It's a worthwhile gimmick; of course there have always those--high density around the country club at Memphis--who can explain to you why the Great Emancipator was really the Great Criminal. The point is that they've pretty much transplanted themselves from the old South Bourbonocracy to the New South Bourbonocracy of New Gingrich, Jim DeMint and whoever. It's a tectonic shift: I can remember showing up as a carpetbagger in Louisville in 1960 to find (I was surprised) that blacks who voted (there were a few) almost inevitably cast their ballots for the GOP. On further inquiry, I could see that they were perfectly rational. Not only were they dancing with the fellahs that brung 'em, but they were recognizing that (then) new-age northern Republicans were genuinely a more creative, forward-looking--and, clearly, less racist--then their older, tireder Democratic competitors.
Boy, that was a long time ago, huh? You've got to admire how, in the interim, the new, forward-looking elites of the once-new Republican interlopers have learned to make their peace with the old, backward-looking elites of the Confederacy. And I'm beginning to wonder--is the whole Lincoln thingy a sign of the change? As to their betrayal of their founding principles, could it be that the Republicans aren't even embarrassed any more?
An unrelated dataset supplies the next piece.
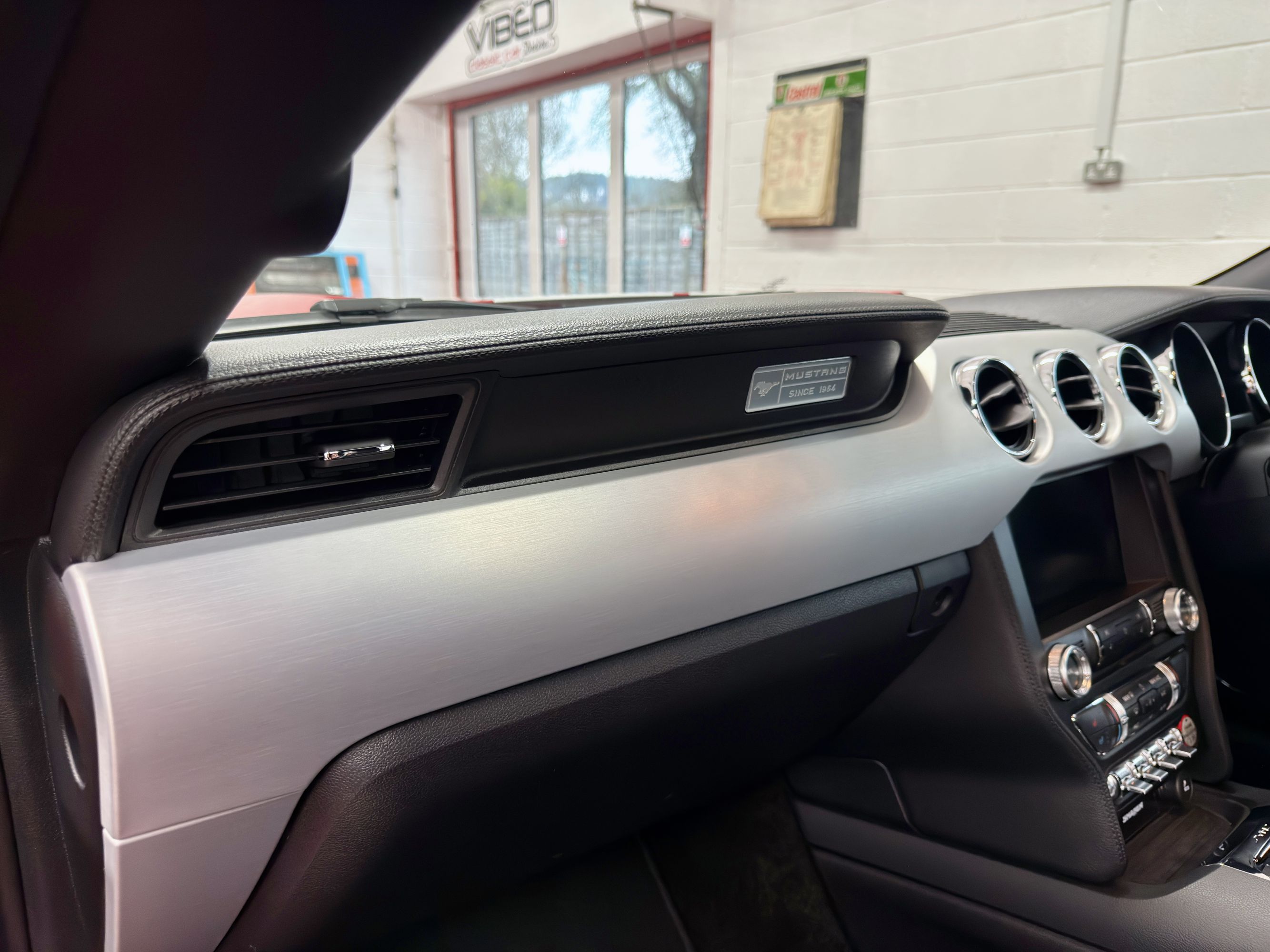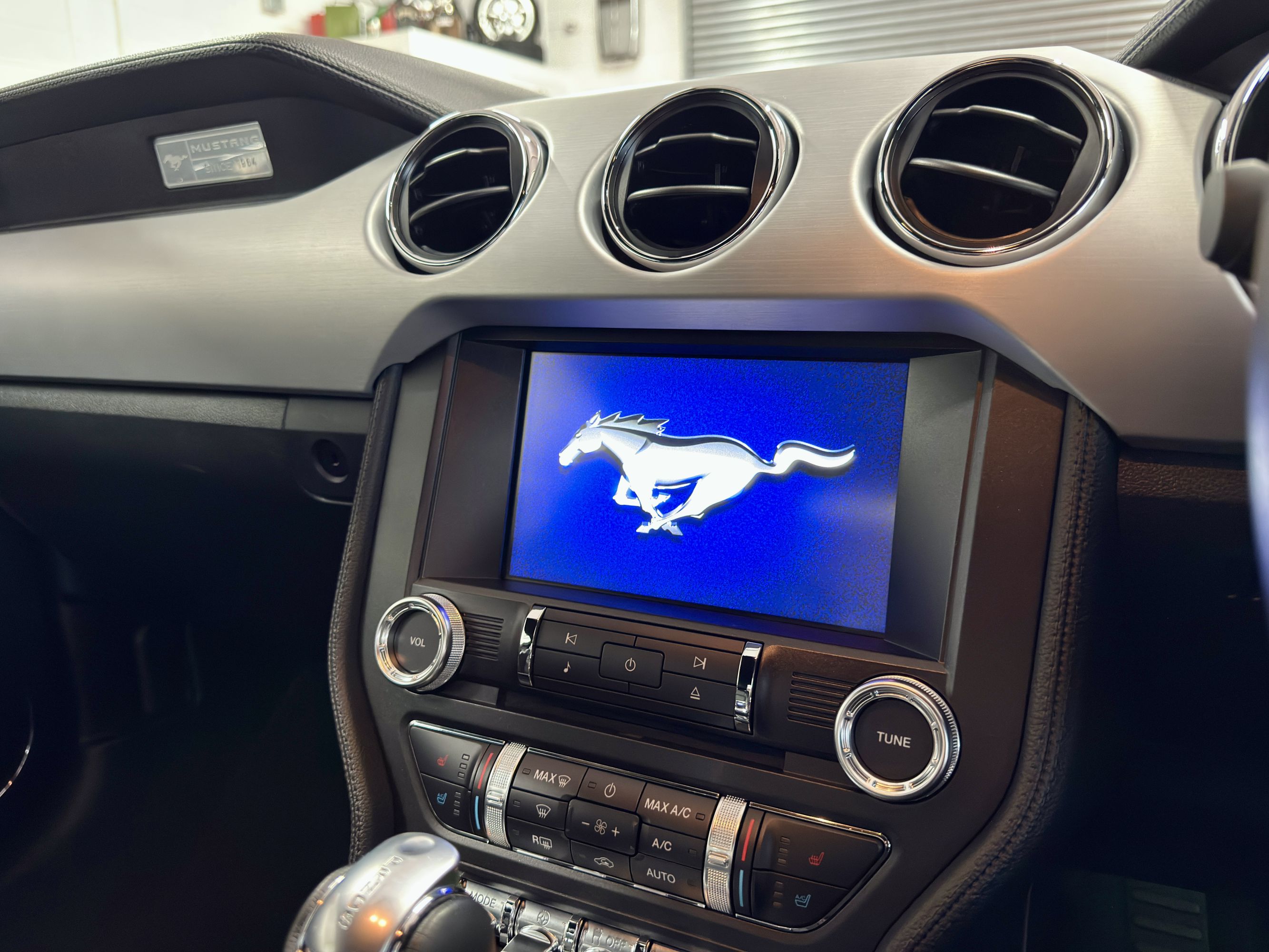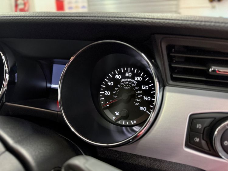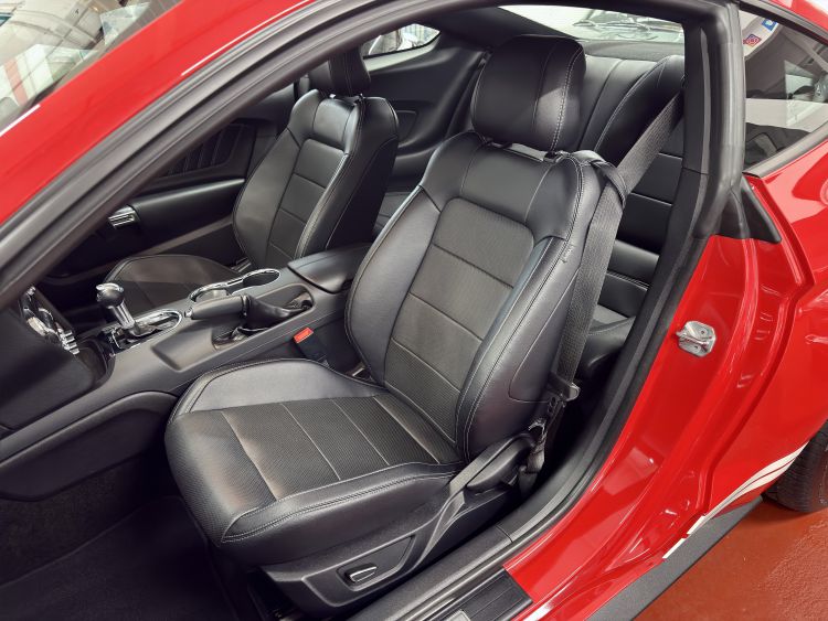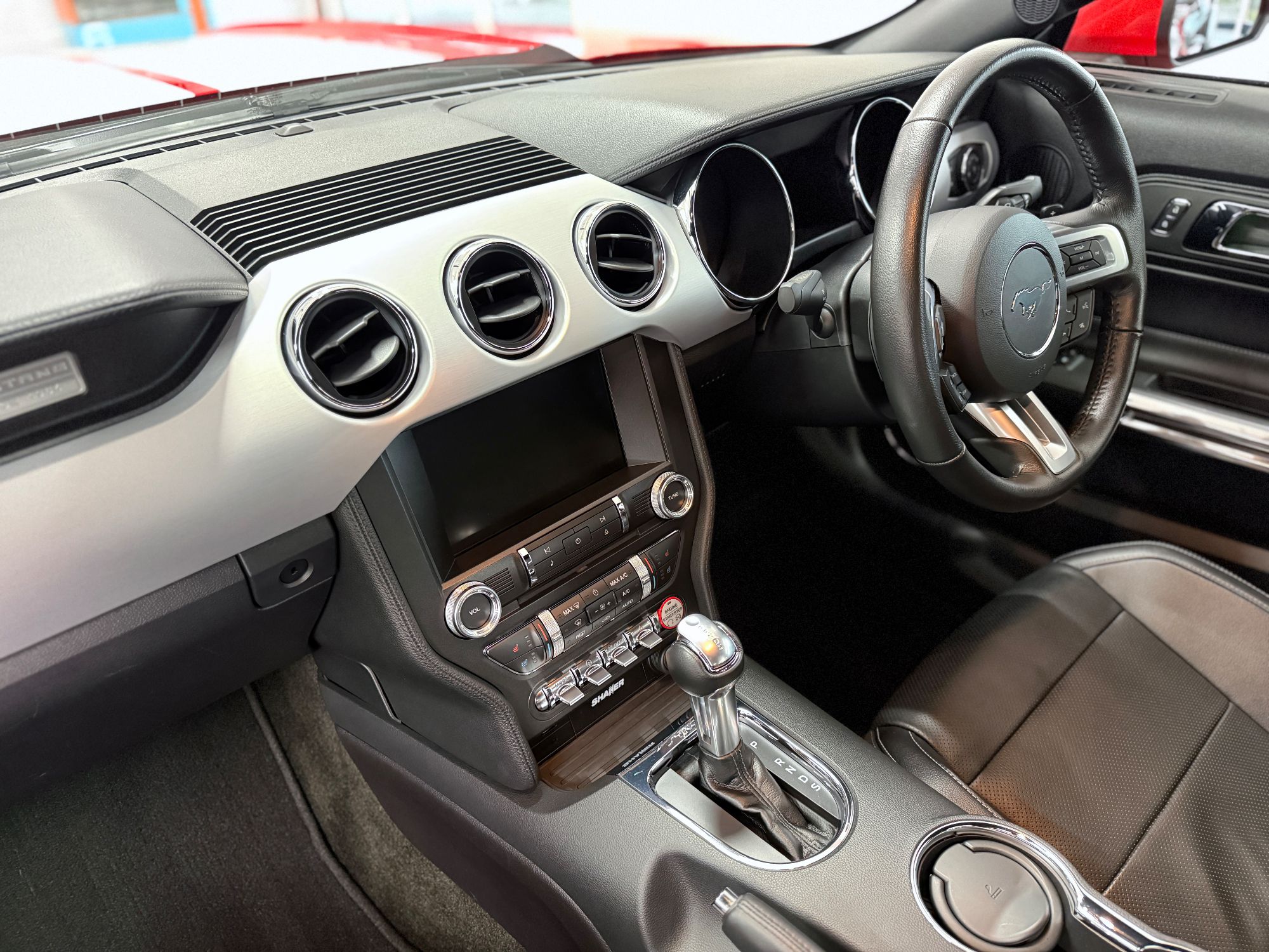 Inside, the 5.0 V8 GT Fastback , you will be presented with a blend of premium materials, cutting edge technology and signature retro styling cues from the 1960's. Large round gauges, a prominent double-brow dashboard and aviation-inspired toggle switches, and a 3-spoke leather steering wheel.
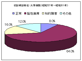 ちなみに当時の大学病院・一般病院から紹介された受診児の初診時診断名の割合を以下に示しますが、頭部のCT、MRIや脳波検査などの施行はもちろん小児科医師を中心に診断された結果でもあり、当然のことながら正常児より脳性麻痺児、知的障害児などの占める割合が多くなっています。

I'm not sure, and I don't know how to do a definitive test, but I suppose one rule-of-thumb gauge would be the incidence of that great icon of Republican solidarity--the Lincoln Day dinner. In my time, these dinners were part of the Republican glue (just as Jefferson-Jackson day dinners were for Democrats). And guess what--apparently they are fading away. Here's a brief Wiki summary, with a money quote from South Carolina Lindsey Graham: "We don’t do Lincoln Day Dinners in South Carolina. It’s nothing personal, but it takes a while to get over things." I Google-searched "Lincoln Day dinner" within the past year and came up with 102,000 hits. "Reagan Day Dinner" gets you 34,900. "Lincoln Reagan dinner" gets you 12,600. Now this:
Lincoln, rarely considered a capitalist icon,did more for strong and able ownership than any president in U.S. history, perhaps more than any leader in world history. He sold millions of acre of land held by a neglectful government, transferring ownership into the hands of new owners who would make a garden in the wilderness. He transferred ownership of millions of men from masters who abused their own property back to the men themselves, the best owners of all.That's Andrew Redleaf in Panic (2110), one of the most sophisticated items I've read in years on the actual workings of a free market, and absolutely top-notch on the evils of crony capitalism.